I was also fascinated by a talk for the History degree (I’ve applied for a joint English Literature and History degree at Edinburgh).  We were treated to an example lecture on the economic history of the UK, which turned out to be far more fascinating than it sounded.  Edinburgh is a city with a rich history, dating its large-scale growth far back before the Industrial Revolution – unlike Glasgow.  Along one street you’ll see Gothic style buildings, along another they’re almost Medieval, and then you’ll come across a classical display of pillars and gold.

There is also a lively political atmosphere in Edinburgh, which appeals to me highly.  Walk along any street, particularly near the university itself, and you’re likely to see a variety of posters advertising protests: to scrap the Trident nuclear missiles, to oppose the ‘Israeli Apartheid’, to oppose the totalitarian regime of North Korea, etc.  We even stumbled upon a petition-signing event protesting against the ‘Bedroom Tax’, organised by the Scottish Socialist Party, though it was wrapping up just as we arrived and so we unfortunately never had chance to put our names down.  There’s a variety of fundraising movements we witnessed, ranging from collections for children’s hospitals to firefighters marching for the National Union of Firefighters (or something along those lines).  I don’t think it’s a coincidence that the the 2011 Occupy Movement in Scotland survived longest in Edinburgh.  Having grown up in a small island where the height of political activity is spars over whether or not to build a cinema, bridge, wind turbines, and so on, this was an amazing environment to find myself in.

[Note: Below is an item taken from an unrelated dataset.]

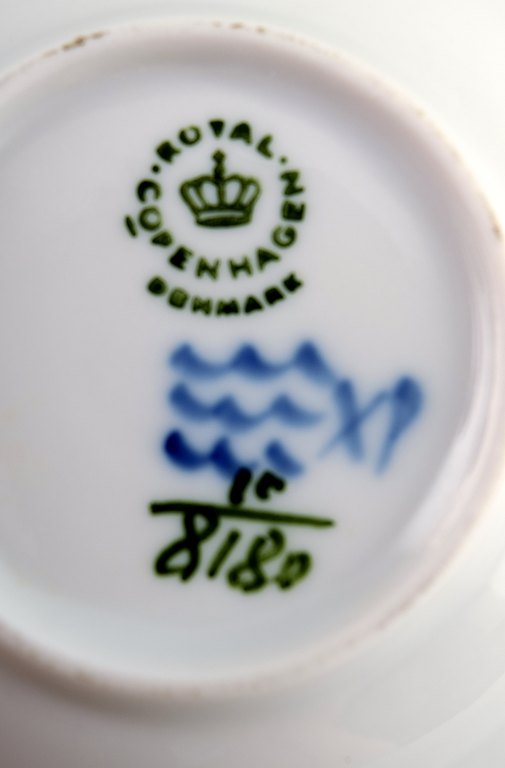 Kgl. Blå blomst flettet Kongelig porcelæn. Royal Copenhagen Blå blomst flettet, 6 Kuvert askebægre. Nummer 10/8180. Diameter 8 cm. 1. Sortering, perfekt stand. Kan også bruges til kuvertsmør.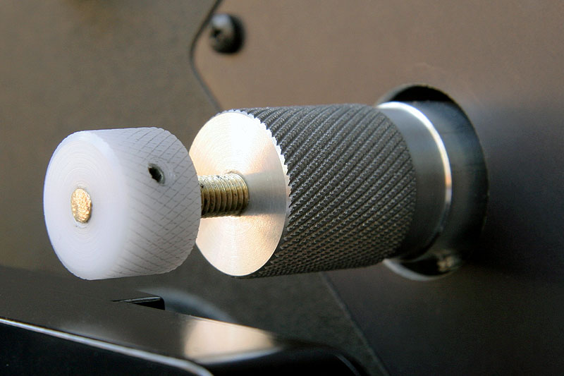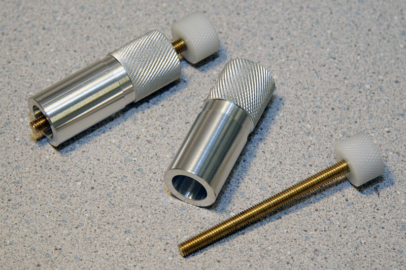 With the knob finished, I cut a 6" length of ¼" threaded brass rod, drilled and tapped a ¼"-20 hole in the closed end of the knob, then machined a knurled knob from Delrin. I drilled and tapped a hole for a set screw in the knob, and threaded the rod into the knob. When tightened against the telescope's focusing mechanism, this rod locks it in place.

This brings me on to the more exciting aspect of the trip.  I fancied a quick glance at the Scottish Parliament, located in Edinburgh, so we took a walk down the ‘Royal Mile’ and ventured in.  After a security check, we took a cautious walk into the public gallery of the debating chamber.  To our extreme fortune, it turned out that a session of the First Minister’s Questions were about to start.  My geek-credentials were proven with the fact that this excited me more than anything has in a long time.  One by one, high-profile figures in Scottish politics began to file in.  Johann Lamont (Scottish Labour leader), Nicola Sturgeon (Deputy First Minister), Ruth Davidson (Scottish Conservative Leader), and, finally, Alex Salmond (First Minister, and the Scottish National Party leader).  We watched him spar with figures such as Lamont and Davidson, and also debate with my own MSP, Tavish Scott.  I noticed Patrick Harvie, one of the few Scottish Green Party MSPs, in the chamber but unfortunately he never spoke.  It was strange, being so close to objects and people of intense interest to me.  I suppose, as I never personally interacted with any of it, the experience was not a lot different from watching the proceedings on TV, except the former never leaves me buzzing in excitement for the rest of the day.

Overall, I truly love Edinburgh.  I liked Glasgow more than I expected, but it would take a lot for me not to choose here as my place of study for four years.  From what I’ve seen of St. Andrews thus far, I don’t think my opinion will be changing.